Naming the problem

Naming the problem

Kinetz, Erika

Karin Dickson lived on the same calm and leafy block of Park Slope, Brooklyn, for twentynine years. On March 7, 2000, she vanished. I came to know her about a year later. She stared out at me from a slightly worn color Xerox, a dark-haired woman with pixilated blue eyes. Her mouth was set in the vague intimation of a smile.

“Our Mother MISSING,” read the flier. The bubbled block print described one Karin Luise Dickson, a fifty-nine-year old, five-foot tall, ninety-pound woman with scar tissue around her jaw and a gap between her front teeth. “She is very ill,” the flier continued. “We are trying to bring her home.”

At the bottom were the names and phone numbers of two of her daughters, Sandra and Sherry, and, finally, an exhortation: “Leave message on cell #’s above. PLEASE!!” I called Sandra and Sherry and spent the next seven months entangled with the Dickson family, working on an artide about the daughters’ search for their missing mother, a story that would eventually remind me again of how journalism’s power sometimes has its limits.

The mystery of what it might mean to vanish is what drew me in, but the family’s frankness is what kept me with them. Their past lives came to me in fragments, a wild, sad mosaic of abandonment, paranoia, and dreams of a happy ever-after. There was something unnerving yet recognizable about the ease with which incomprehensible things coexisted with comprehensible ones. “She literally dragged me out by the hair,” came out in the same tone of voice as a comment about the weather.

Somewhere amid the neatly tended flower boxes of brownstone Brooklyn, Karin Dickson lost her mind. By March 2000, when she was evicted for lighting dozens of candles in her apartment in her refusal to use electricity, Karin and her daughters barely spoke.

Karin did not want help. She learned to sleep on benches. She watched the birds. Her old neighbors spotted her here and there on the streets and in the cafes, but her daughters and I were always one step behind. Then, in March 2001, after fifty-four weeks on the street, one of Karin’s old neighbors spotted her in lower Manhattan. The cops came and took her to Bellevue Hospital, where she was diagnosed and treated for schizophrenia. She was still carrying her house keys.

Karin agreed to meet with me and a photographer for an interview last August, at a diner near the mental institution in Orangeburg, New York, where she had been staying. She wore a pair of immaculate white oxfords, their tongues turned down. Outside, there was a gentle, late summer rain, as unassuming and slight as the woman herself. We ordered coffee. Karin’s hands shook. She said she wanted her freedom back.

Unwittingly, as I researched my story, I had become this family’s confessor, their witness. I felt responsible – and utterly inadequate. It was not, after all, my job to intervene. My story ran on September 9. Two days later Karin’s tragedy was swallowed by the larger grief of the terrorist attacks. Still, I harbored a small and secret belief that by shedding a little light on this lost woman, something would give.

It didn’t.

The next time I saw Karin Dickson she was dead. Her remains lay in a shiny black box at the Joseph G. Duffy funeral home in Park Slope. About thirty people showed up for her funeral on March 15. They passed around copies of my article. Something should be done, they said, nodding gravely at me, as if I had the power – and thus the responsibility – to right the wrongs of an overworked social system. The priest recited his lines about the valley of darkness. The heat was oppressive.

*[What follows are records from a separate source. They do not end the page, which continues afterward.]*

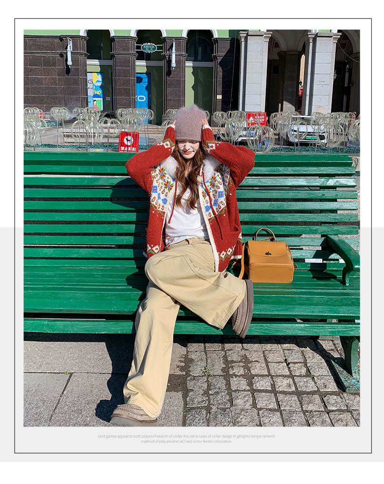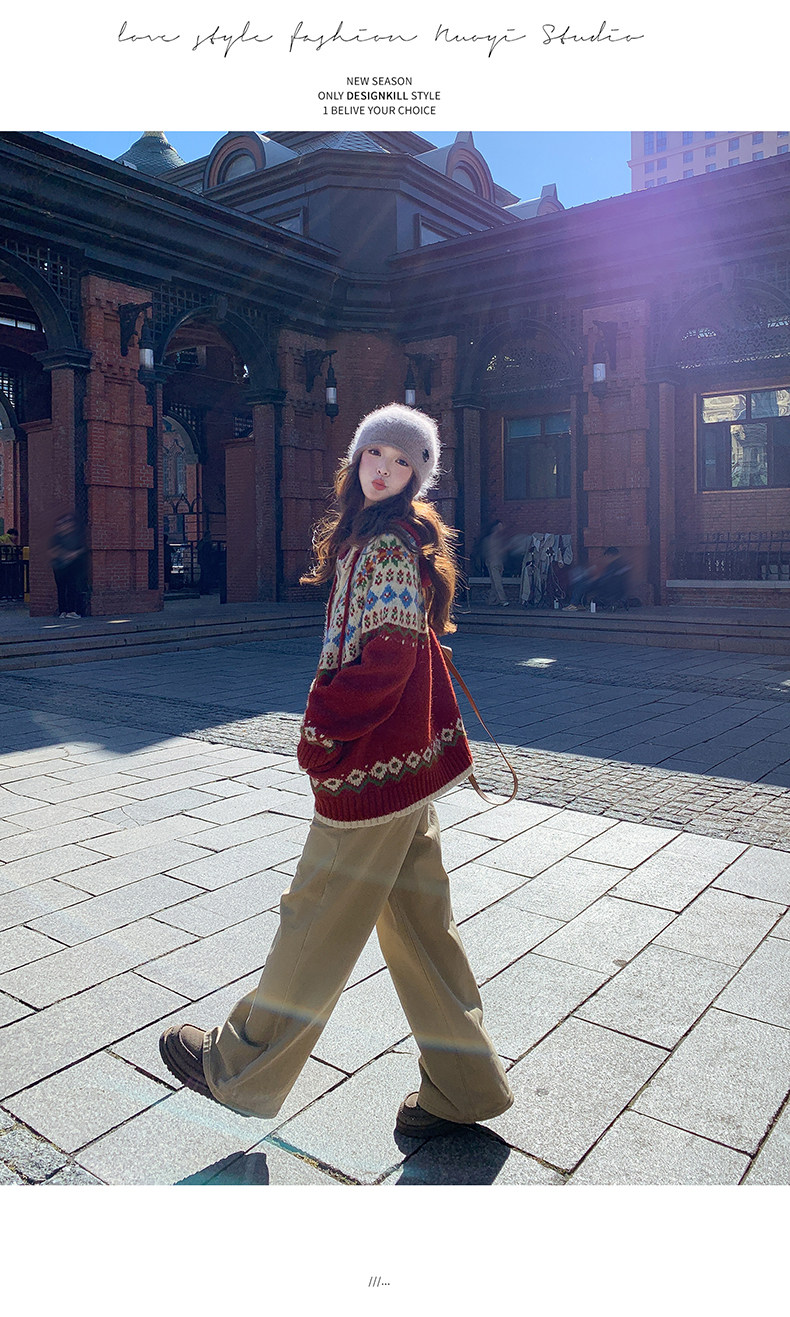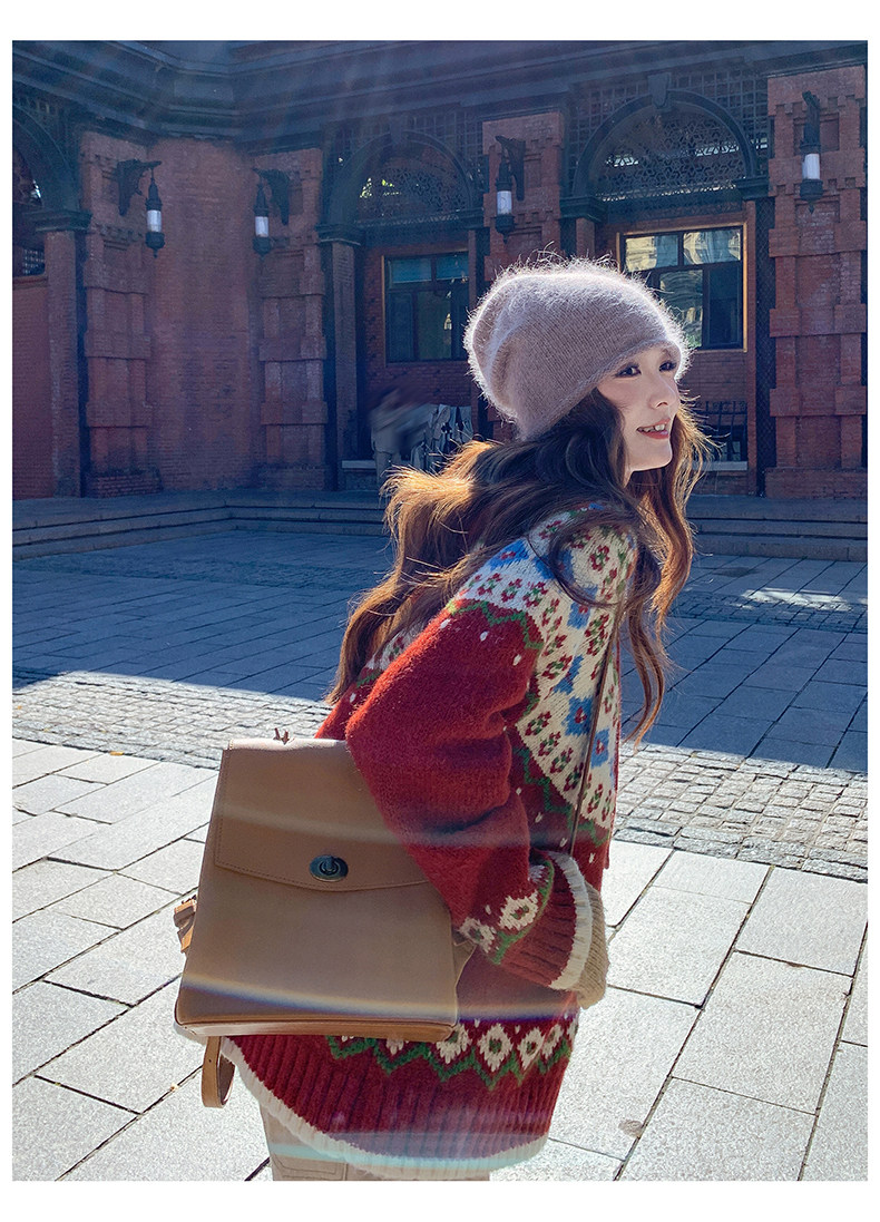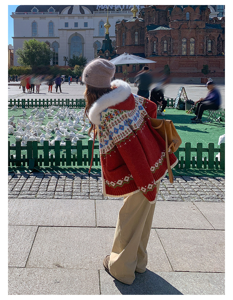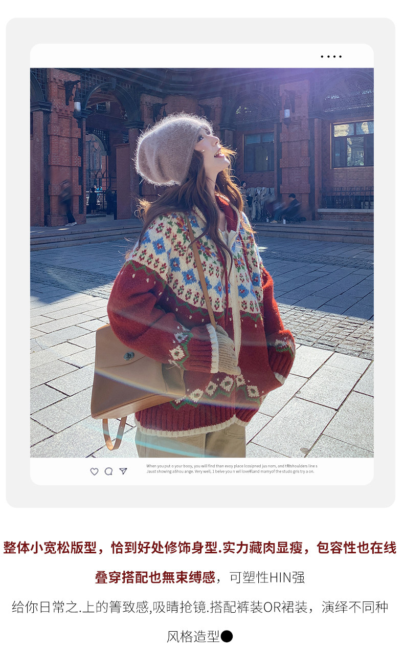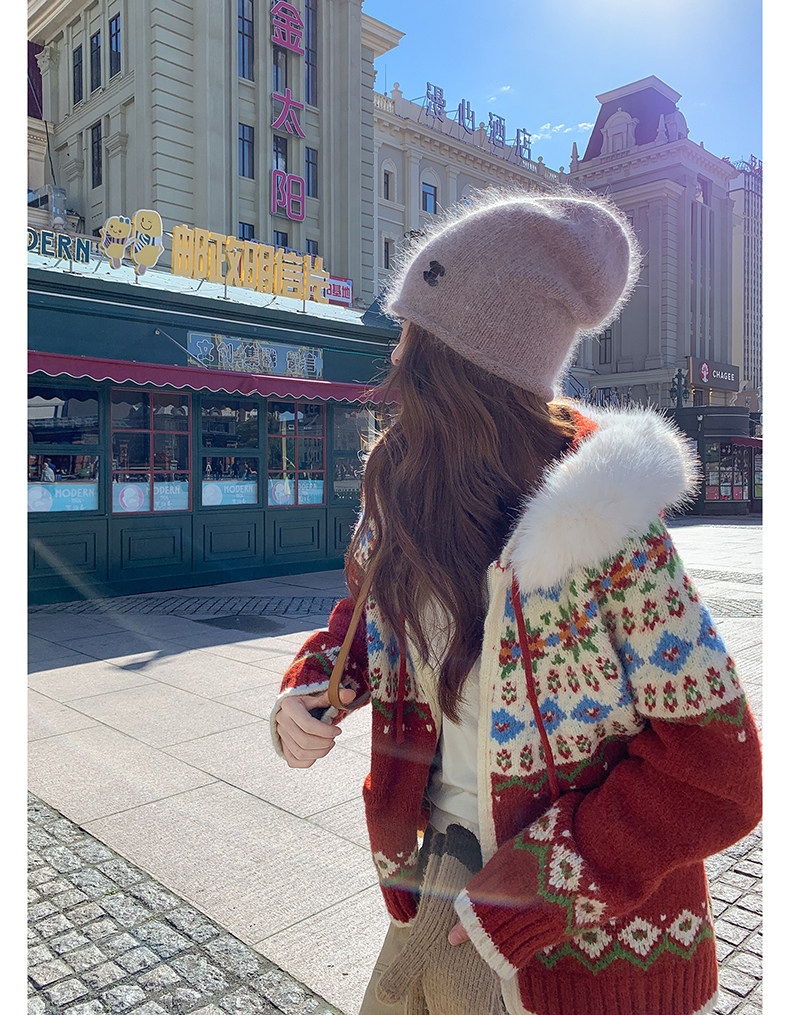 聖誕紅復古印花撞色連帽費爾島毛領針織外套女秋冬2025新韓系氣質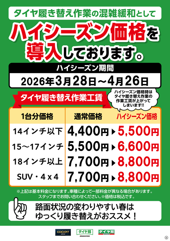 コクピット・タイヤ館は“平日”がお得!『平日割』実施中!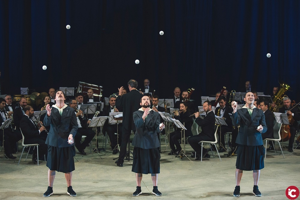 En este concierto tan circense, los malabares se convierten en bailarines aéreos. Se elevan en el cielo y coquetean con la música, cuyos acordes marcan el ritmo de su evolución. El nuevo circo también es esto: otras propuestas que arrancan la sonrisa y consiguen la expectación del público. Clarinetes, saxos y trompetas son los pintores expresionistas que preparan el lienzo para que las bolas, mazas y aros dibujen, al tomar altura, los sentimientos y las emociones que se transmiten sobre el escenario. Y todo ello sin la mas mínima sobriedad, porque los instrumentos dorados, grandes tambores y uniformes de músico, conviven en este espectáculo con los pantalones cortos, las camisetas, las gafas de sol, la música pop, el punk, el funk y el blues.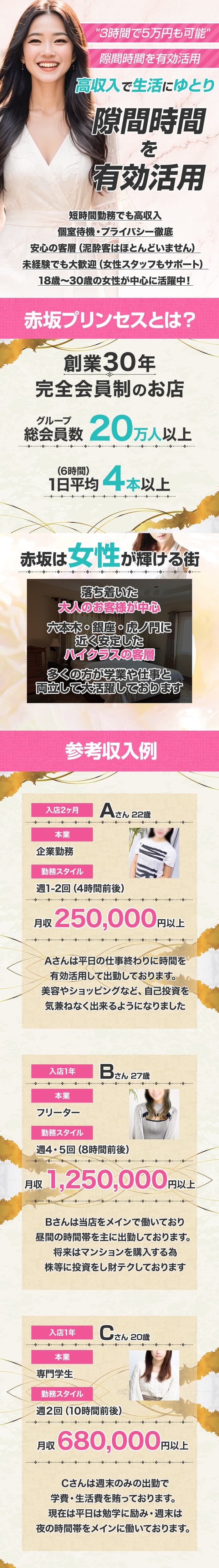 もちろん連絡先を知らせずに完全匿名でお問い合わせも可能です!その場合、当店のバニラのページ下部にある「応募・質問フォーム」から必要事項を入力して頂いて、お店にメールアドレスを公開するかどうかを選べるのでそちらで公開しないと選択してもらえば全ての連絡をバニラのサイト内のみで行えます!なのでお気軽にお問い合わせくださいー♪**************************************************************************** ★☆★体験入店5万円保証プラン実施中★☆★ お試し入店1日だけでももちろんOK やめるのももちろんOK 合わないと感じたら他店様への移動ももちろんOK なんと!?赤坂エリアには当店以外にヘルスのお店が1軒もないのです。 だからお客さんを独占状態なんです!!!! 一応他のデリヘルのお店は何軒かはあるのですが、赤坂は道が混みやすく時間のロスが凄いんですよね。 当店は完全地域密着型なので移動時間はナシなんです♪ だから回転効率がめちゃめちゃいいんです! さらに赤坂で働くメリットをご紹介いたします。 ☆場所柄、お客様は紳士的! ☆赤坂でヘルス店は当グループの独占経営! ☆4駅6路線が使える好立地! ☆赤坂なら内緒で働けること間違いなし! ☆マイナンバー対策万全! ぜひ皆さんも赤坂で働いてみませんか??
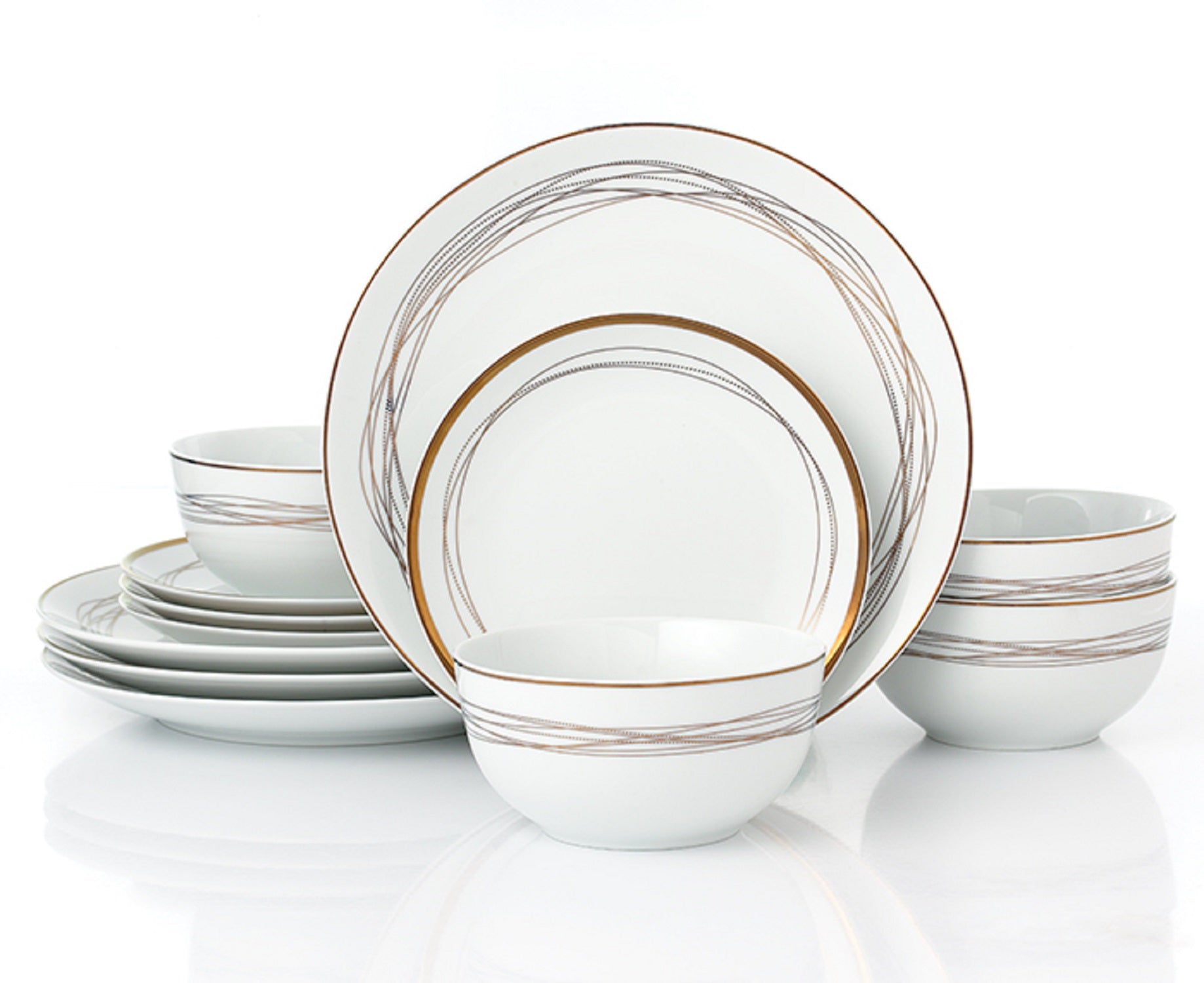 Gold Swirl Xmas Porcelain Dinnerware Set, 12 Pieces

It was the wrong ending to the story.

She had been found. We had singled her out from the great gray current of human suffering that slips through this city’s streets. We had written over her anonymity, and now she was Karin – a woman with an Elvis collection and a bad coffee habit. She had pride, self-righteousness, and high-heeled shoes.

But last August, shortly after I finally met her, Karin was transferred to Seaport Manor, an adult home in Brooklyn that had been cited four times by the State Department of Health for substandard care. Seven months later she died. The cause is still unknown.

In April the Times published an investigative series by Clifford Levy documenting neglect and unexamined deaths at many of the city’s adult homes. Seaport Manor was among the worst offenders. Soon the governor proposed initiatives to reform the system and the gubernatorial candidates proposed counter-initiatives.

But Karin was gone. For me, her death brought home again a frustrating lesson I keep trying to resist – that just because you name something doesn’t mean you can make it better.